The fourth Thursday of November is celebrated as Thanksgiving Day in the United States. It’s traditional to gather with family and friends for a big dinner, usually turkey with lots of side dishes.
This Thanksgiving will be quieter for many of us because of the pandemic. Cases are rising across the country and in many states are already so numerous that hospitals are running out of space for patients. Frighteningly, millions of people are not heeding the advice of public health experts and are travelling long distances and/or gathering in groups larger than ten or with people outside their household, thus increasing the danger of even higher case counts in December.
Our plan for the day is for spouse B, daughter T, and I to go to Paco’s apartment in his senior community where we will have a Zoom session with my sisters and daughter E. In that way, Paco will get to see his great-granddaughters ABC and JG who will be celebrating American Thanksgiving on an ordinary (lockdown) Thursday in London, UK. B,T, and I were supposed to be in London with them near the end of a month-long visit until the lockdown there cancelled our trip. Once I have Paco set up with the Zoom session on this laptop, I’ll go to another room with another device so he can take his mask off.
After our video chat, Thanksgiving dinner will be delivered to the apartment and we will eat with Paco on one side of the room and B, T, and me on the other as we will need to take our masks off to eat. We will leave expeditiously after dinner so as to limit our contact time.
It won’t be the usual Thanksgiving, but it will be special in its own way.

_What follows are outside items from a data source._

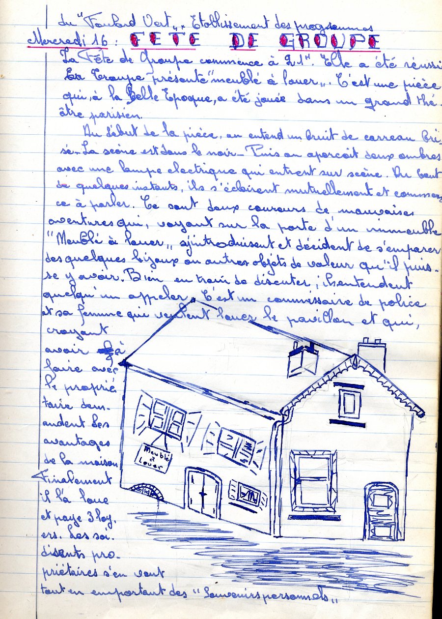 Page de ce cahier d'activités de la troupe de Villeneuve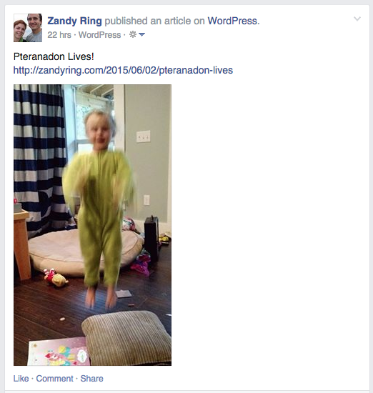 In a practical sense, this really saves me time. I post a snapshot of my life – it usually take about 5 minutes (80-90% of the time, I post from my phone). I don’t want to post it to WordPress.com, then post it to Facebook and Twitter individually. Traffic on my site seems to be pretty steady, which makes me happy. But really, I don’t mind too much if folks only check my posts via Facebook or Twitter. I use these services to stay in touch with people, so if that’s where they’re going to catch up on people in the more remote regions of their lives, well, I’m happy to meet them there.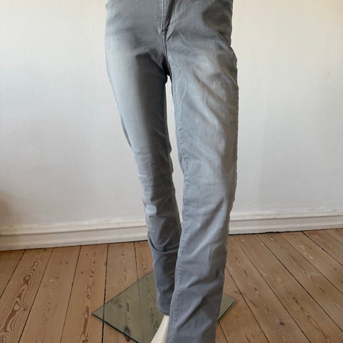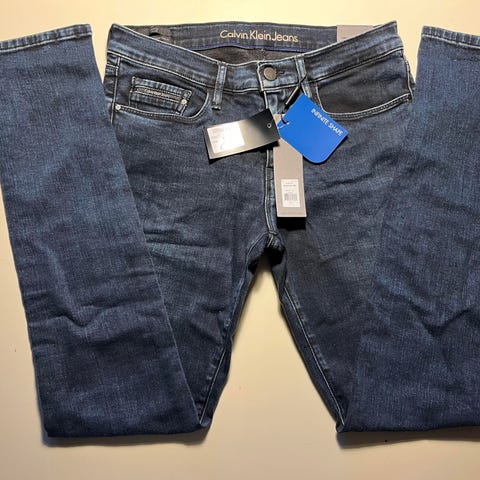 Et par flotte blå Calvin Klein skinny Jeans med „lige“ ben, som ender smallere uden at være slim. De er brugt 2-3 gange og derfor 100% ok. Stoffet er „tyndere“ end det typiske Denimstof og derfor mindre varme end Jeans. Se ca mål på fotos (72/38cm) og skriv gerne, hvis du vil vide mere.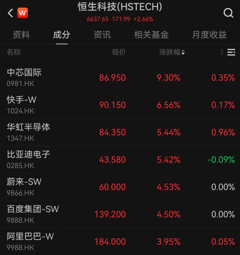 港股半导体概念股全线上涨,中芯国际涨超9%,华虹半导体、比亚迪电子均涨超5%。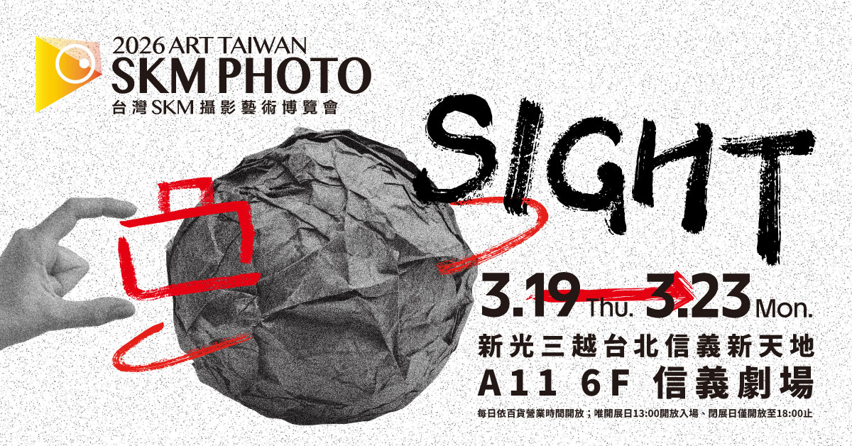 年度國際攝影盛會-2026 ART TAIWAN|SKM PHOTO 攝影藝術博覽會3/19-3/23@新光三越台北信義新天地A11 6F盛大開展!今年以「Möbius 凝視|倒影的邊界」為主題,開啟一場無限循環的影像旅程 — 今年共匯聚來自國際與台灣的優秀影像藝術創作者,包含日本攝影家-中藤毅彥 Takehiko Nakafuji、加藤秀 Kato Shu,以及台灣知名攝影師/影像團隊-何經泰、江宏仁、陳敏佳、鄭弘敬、周墨、Puzzleman、姚愛寗、朱逸文、章潔、陳怡絜、林肇圀、黃郁棠、謝明澄、財團法人黑潮海洋文教基金會x金磊、PHOTO GO 攝影上桌、哲攝、Hiponoz等超過50組參展單位共同展出;同期也將發表「2026 SKM PHOTO國際攝影大賽」、「2025 吳東興攝影贊助計畫」入選得獎作品;展期間每日舉辦多場攝影專題講座與交流活動,喜愛攝影影像藝術的朋友千萬不能錯過!》詳情請上:2026 SKM PHOTO官網查詢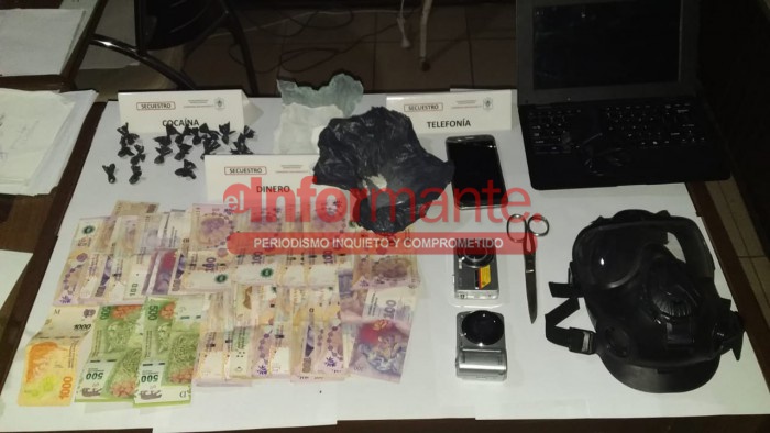 El segundo allanamiento se realizó en calle Rucci al 214. Se secuestró una motocicleta marca Honda con pedido de secuestro activo a solicitud UFI 1 por el delito de Hurto desde el 31 de mayo del 2019; 16 envoltorios de cocaína (10grs); 2 trozos compactos de cocaína (26grs); $8.600 y se procedió a la aprehensión de Cristián David Acosta de 21 años y soldado voluntario del Cuartel San Nicolás y Agustina Micaela González de 19 años.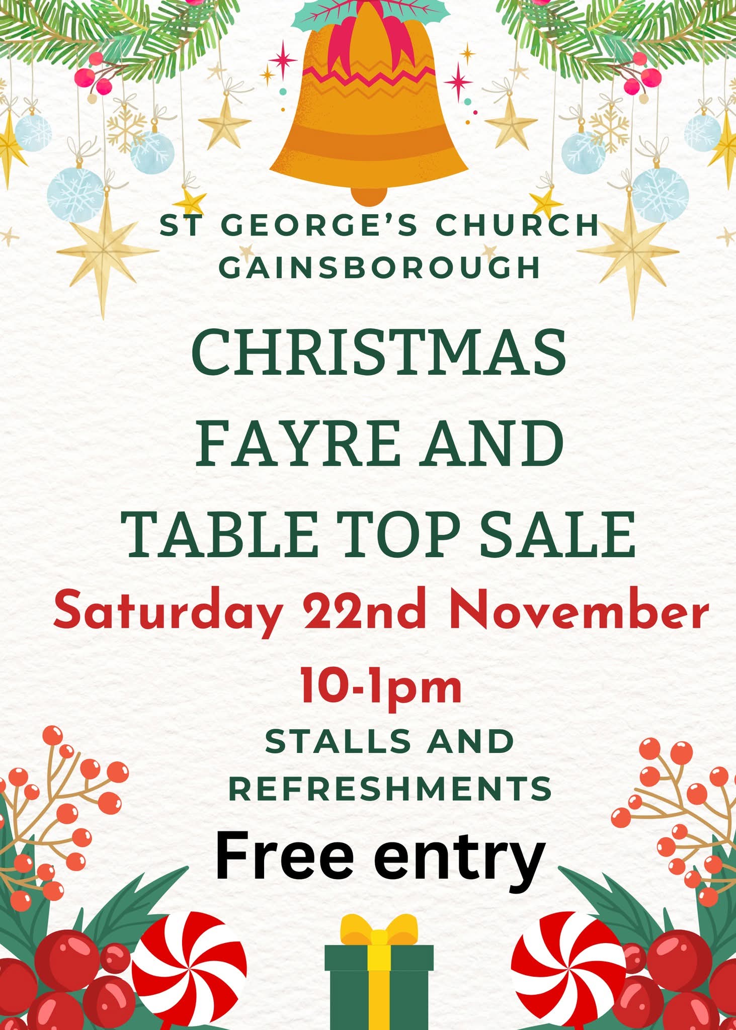 St George's will be holding their Christmas Fayre and Table Top Sale on Saturday 22nd November. Why not come along and do some early Christmas shopping. There will be stalls, refreshments and a warm welcome.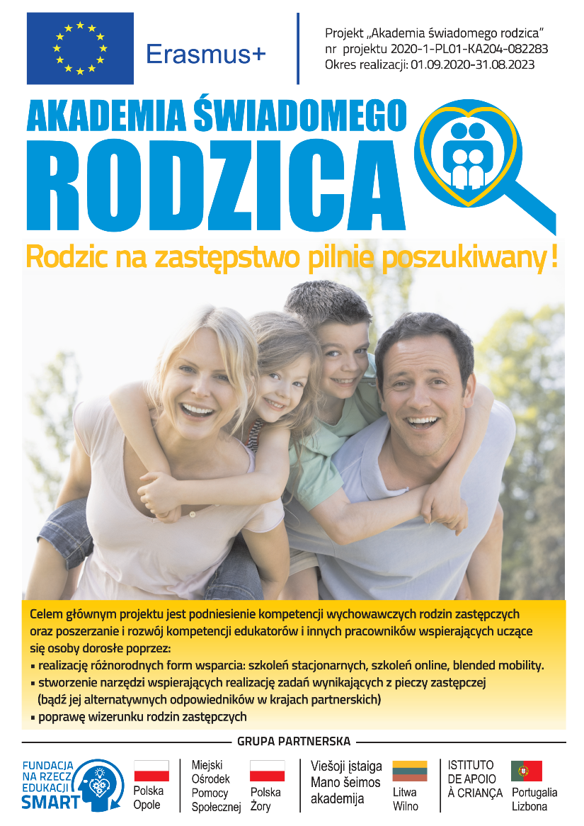 Rodzic na zastępstwo pilnie poszukiwany!” jest realizowany od 1 września 2020 r. do 31 sierpnia 2023 r. Na realizację tego projektu Miejski Ośrodek Pomocy Społecznej w Żorach pozyskał dofinansowanie w wysokości 27 383,00 euro z unii europejskiej w ramach programu Erasmus+. Realizatorem projektu jest Fundacja na rzecz edukacji SMART z Opola, a organizacjami partnerskimi w tym projekcie oprócz MOPS w Żorach są: Nstituto De Apoio À Criança z Portugali i VieĄoji Įstaiga Mano Šeimos Akademija z Litwy.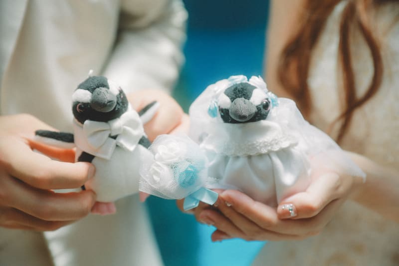 お二人が大好きなペンギンちゃんもおめかしして登場!

The point of the holiday is to give thanks but the gratitude this year is tinged with sorrow and regret. I am very grateful that our family is weathering this very disrupted year. B is able to work from home and we are able to stay safe at home for the most part. We certainly miss being able to visit Paco every day and are sad to not be able to travel to the UK to visit for all of 2020, but it would be so horrifying and dangerous to have inadvertently exposed someone to COVID that the separation is necessary.

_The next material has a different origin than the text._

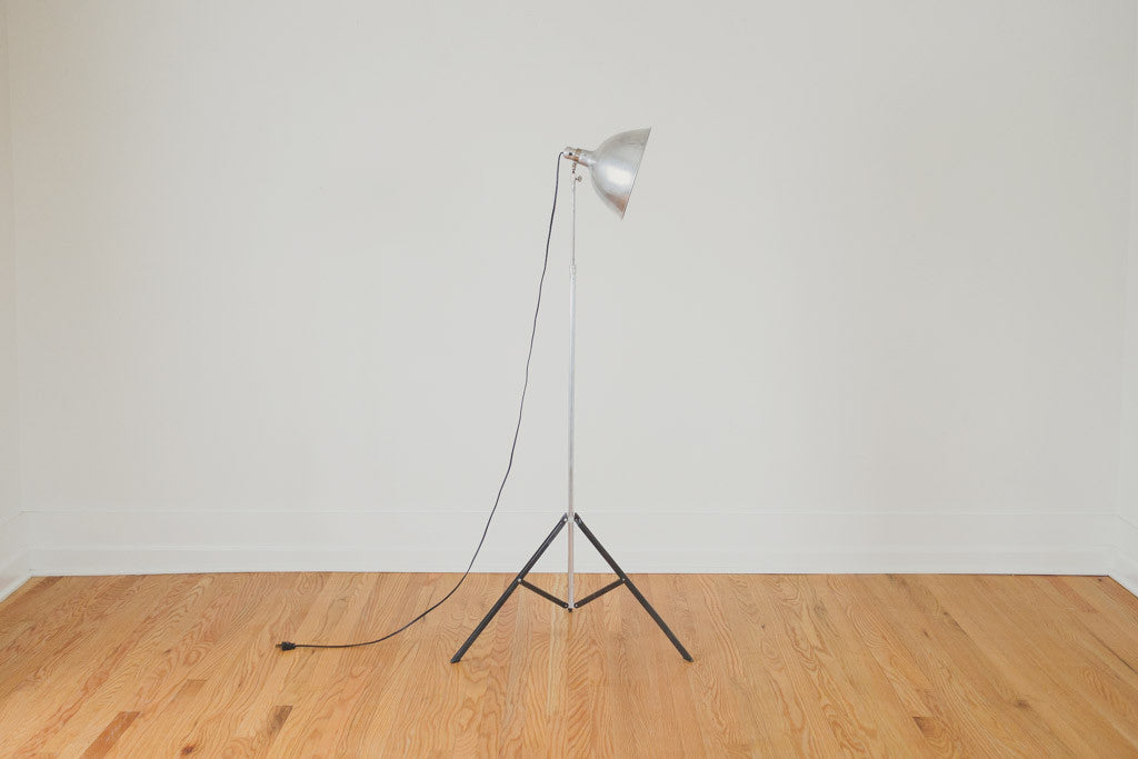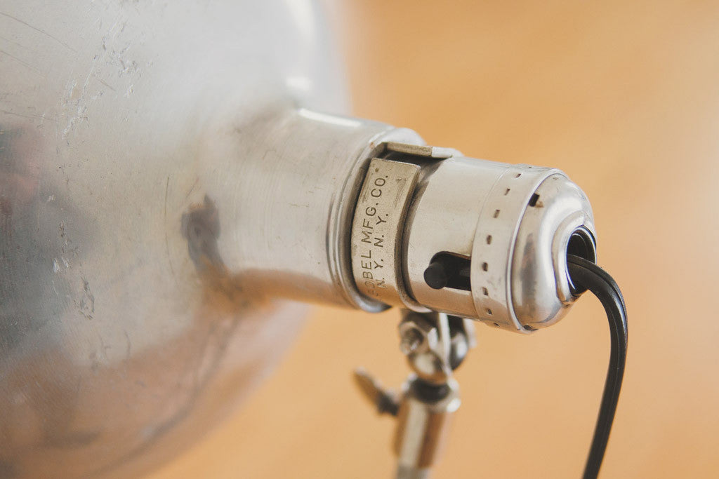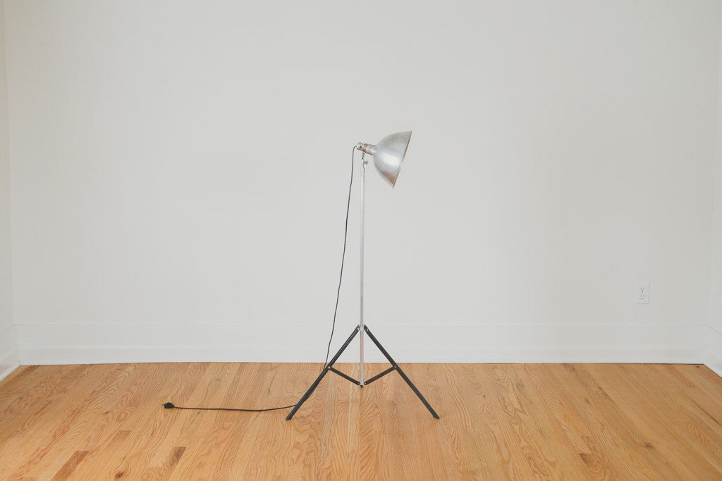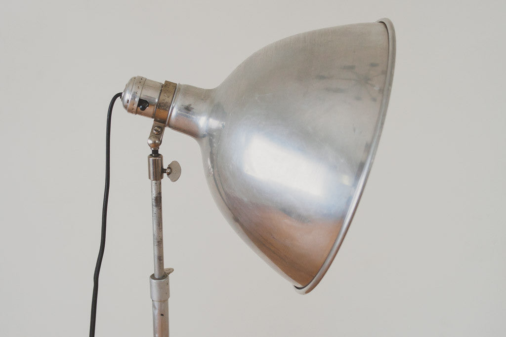 This Mid Century industrial studio floor lamp has a chrome finish with a folding tripod base. It's adjustable in direction and height. Please see pictures for detailed condition.

I am grateful for Governor Cuomo and all the medical personnel and other essential workers who have worked so hard to keep as many of us safe and well as possible. At the same time, I mourn the millions of people in the US and around the world who have been impacted by the coronavirus, either by illness or death of themselves or a loved one or loss of work, shelter, food security, medical care, etc. I am also dreading the coming weeks, which are projected to see a steep rise in cases on top of already soaring rates in the US. There have already been over 12.8 million confirmed cases and 261,000 deaths and the thought of millions more is overwhelming.

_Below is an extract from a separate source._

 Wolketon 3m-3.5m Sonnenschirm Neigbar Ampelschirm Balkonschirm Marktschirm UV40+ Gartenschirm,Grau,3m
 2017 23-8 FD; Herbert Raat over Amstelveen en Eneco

I am grateful that the Biden /Harris administration is starting to take shape with the announcement of well-qualified people to key posts. At the same time, I’m sad to see so many not accepting the facts of the situation and not being willing to join in the efforts to come together to fight the pandemic, revive our communities, and unite as one nation.
I’m grateful for the ideals of our country but sad that we are so far from embodying them.
I feel similarly about the Catholic church. I’m grateful for the moral grounding, social doctrine, integral ecology principles, and primacy of love that it has taught me, but sorrowful and penitent about the many abuses of power done in its name, including war, torture, colonialism, racism, sexism, clericalism, sexual abuse and cover-up, and oppression of other religions and peoples over centuries.
So, yes, a very different Thanksgiving. With widespread vaccine use possible by November 2021, maybe next year will be more “normal.”
Or, maybe, there will be no going back to what used to be considered normal.
I pray that we can finally build institutions that live up to their high ideals for the good of all creation.